- DIRECTIONS FOR THIS TASK -
Your task is to reproduce, verbatim and without pictures, the lines from the opening of the listing through the line containing "2月18日,在信都區白馬河上".

- DATA LISTING -
>>>

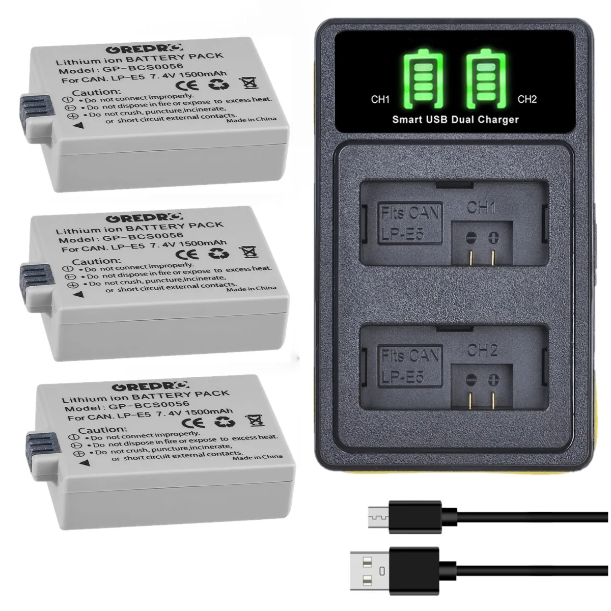 1500 мАч LP-E5 батарея + светодиодный двойной зарядное устройство с портом type-C
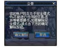 1.进入游戏界面后,如果看见提示则表示账号进入了安全模式,需要您验证密保进行解除。
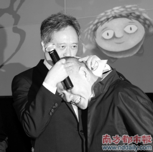 北京時(shí)間昨日凌晨,李安和蔡明亮在戛納的“臺(tái)灣之夜”上相遇。前者的新片《制造伍德斯托克》受到評(píng)論圍剿,同時(shí)后者也被質(zhì)疑在臺(tái)灣沒(méi)了市場(chǎng)才轉(zhuǎn)投國(guó)際電影。這對(duì)讓外界打起問(wèn)號(hào)的大導(dǎo)演一見(jiàn)面就“惺惺相惜”。李安在蔡明亮的光頭上親了一下,蔡明亮也立刻回吻了李安,讓現(xiàn)場(chǎng)氣氛相當(dāng)活躍。
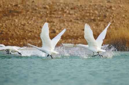 2月18日,在信都區白馬河上游,成群結隊的天鵝沐浴著朝陽翩翩飛舞或悠閑嬉戲,繪就了一幅蓬勃秀美的初春生態畫卷。
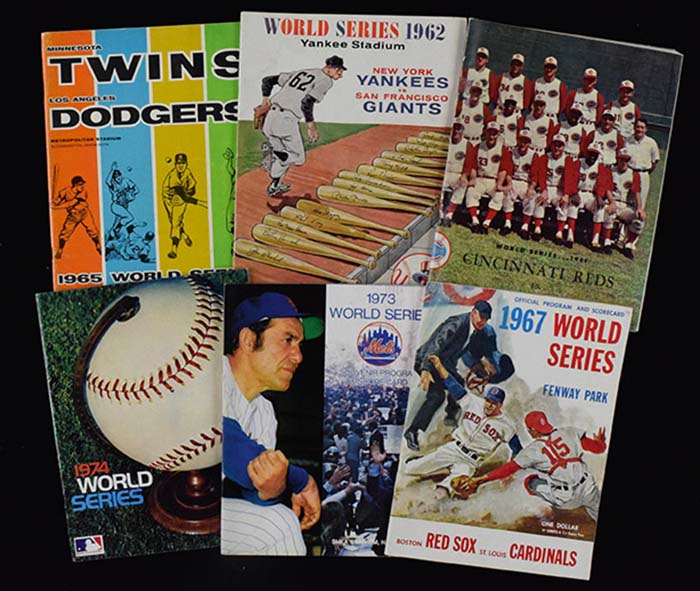Description:Lot of (8) World Series programs from 1961-1979 (EX-NM). Incl. 1961 Crosley Field version, 1962 Yankee Stadium version, 1965 Metropolitan Stadium version, 1967 Fenway Park version, 1973 Shea Stadium version, 1974, 1977, and 1979: EX-NM
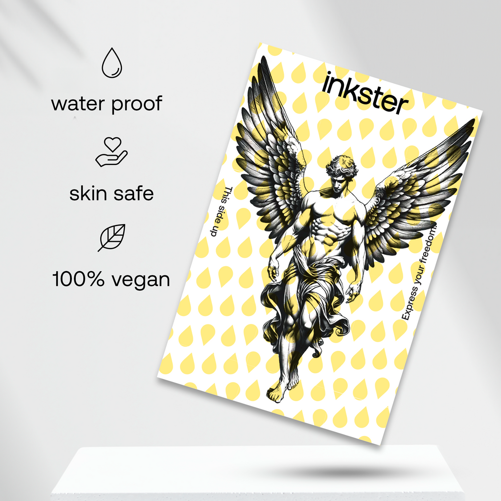 Pour ton tatouage révolutionnaire de 2 semaines d'Inkster, tout ce dont tu as besoin est le tatouage, qui sera livré à ta porte. Les instructions sur la façon d'appliquer le tatouage se trouvent sur l'emballage du tatouage. Ne t'inquiète pas, c'est très simple, rien ne peut mal tourner !
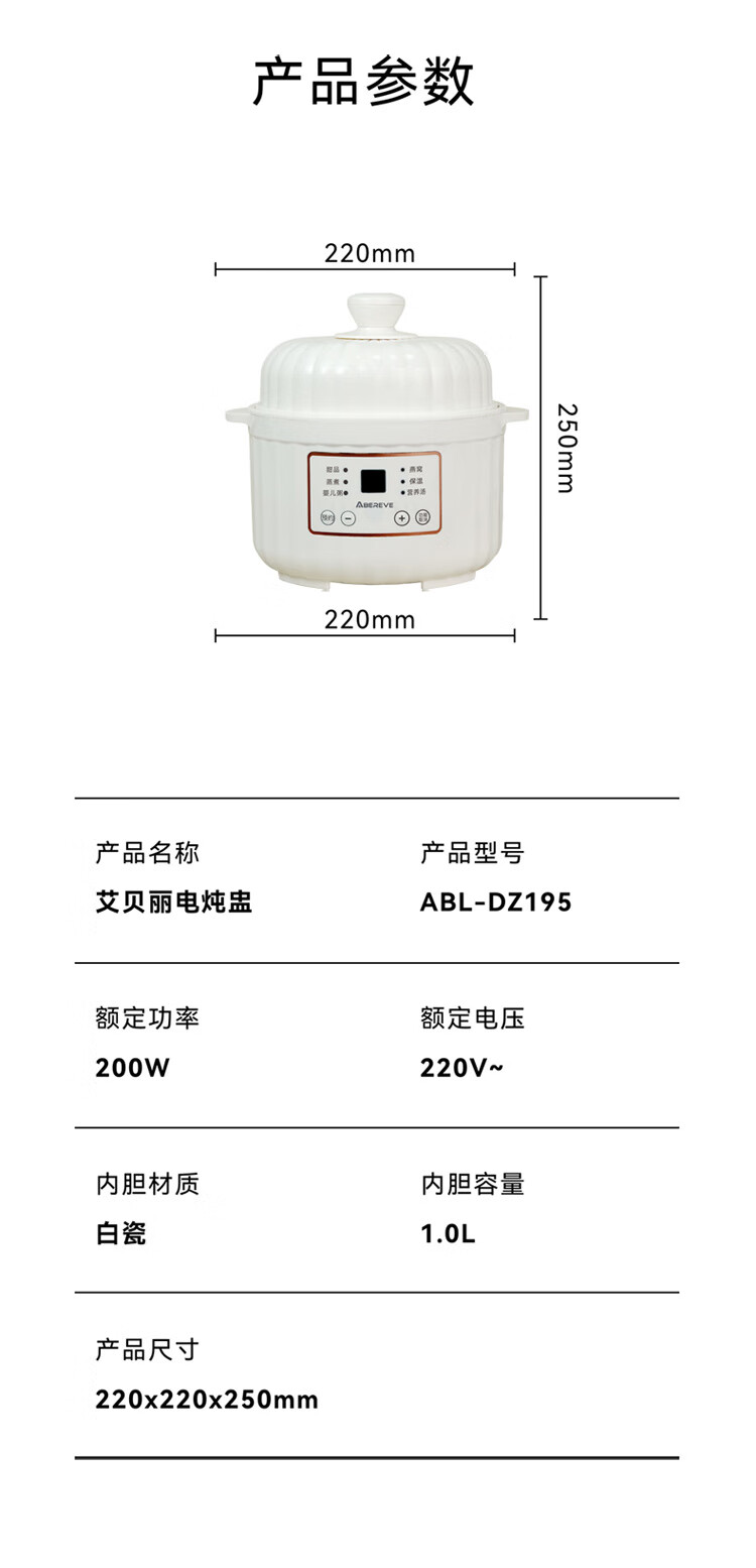 商品名称: 艾贝丽电炖盅电煮锅ABL-DZ195 ABL-DZ195/台
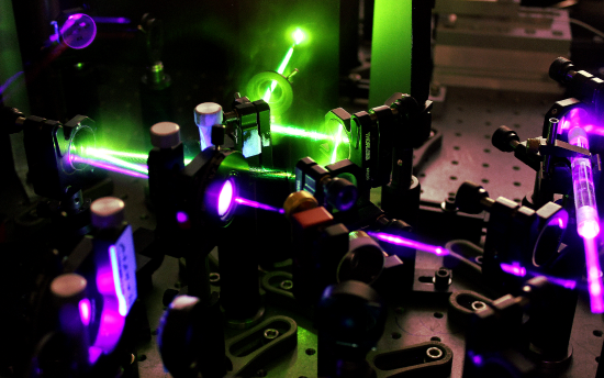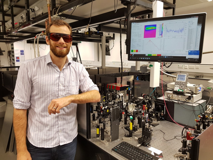 The laser setup Dr Price uses to study the fundamental optical dynamics of organic compounds like Y6
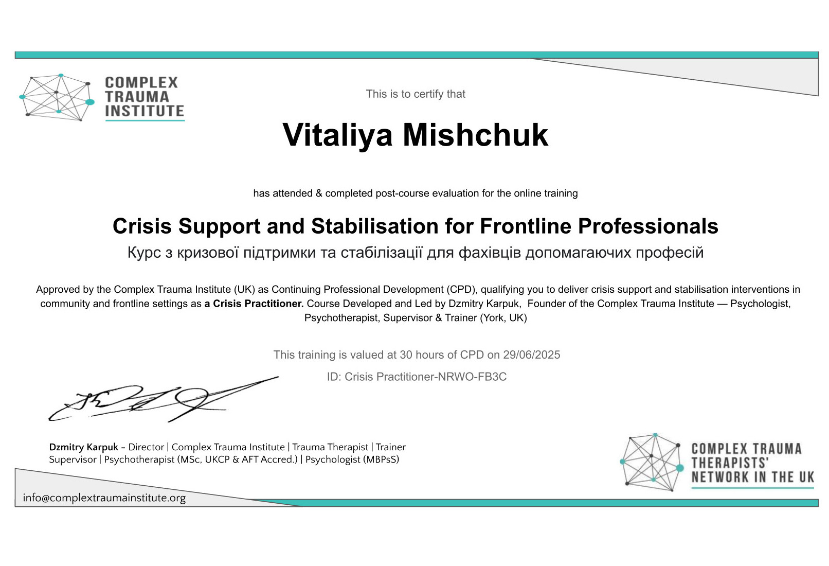 - Сертифікат Complex Trauma Institute (The UK) - Кризове консультування з 2025 року
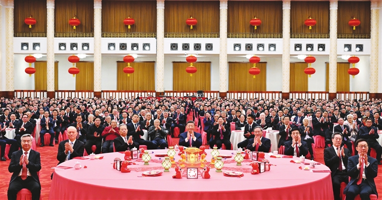 人民大会堂宴会厅灯光璀璨、暖意融融,各界人士2000多人欢聚一堂、共迎佳节,现场洋溢着欢乐祥和的节日气氛。

<<<

- ANSWER TO THIS TASK -
 1500 мАч LP-E5 батарея + светодиодный двойной зарядное устройство с портом type-C
 1.进入游戏界面后,如果看见提示则表示账号进入了安全模式,需要您验证密保进行解除。
 北京時(shí)間昨日凌晨,李安和蔡明亮在戛納的“臺(tái)灣之夜”上相遇。前者的新片《制造伍德斯托克》受到評(píng)論圍剿,同時(shí)后者也被質(zhì)疑在臺(tái)灣沒(méi)了市場(chǎng)才轉(zhuǎn)投國(guó)際電影。這對(duì)讓外界打起問(wèn)號(hào)的大導(dǎo)演一見(jiàn)面就“惺惺相惜”。李安在蔡明亮的光頭上親了一下,蔡明亮也立刻回吻了李安,讓現(xiàn)場(chǎng)氣氛相當(dāng)活躍。
 2月18日,在信都區白馬河上游,成群結隊的天鵝沐浴著朝陽翩翩飛舞或悠閑嬉戲,繪就了一幅蓬勃秀美的初春生態畫卷。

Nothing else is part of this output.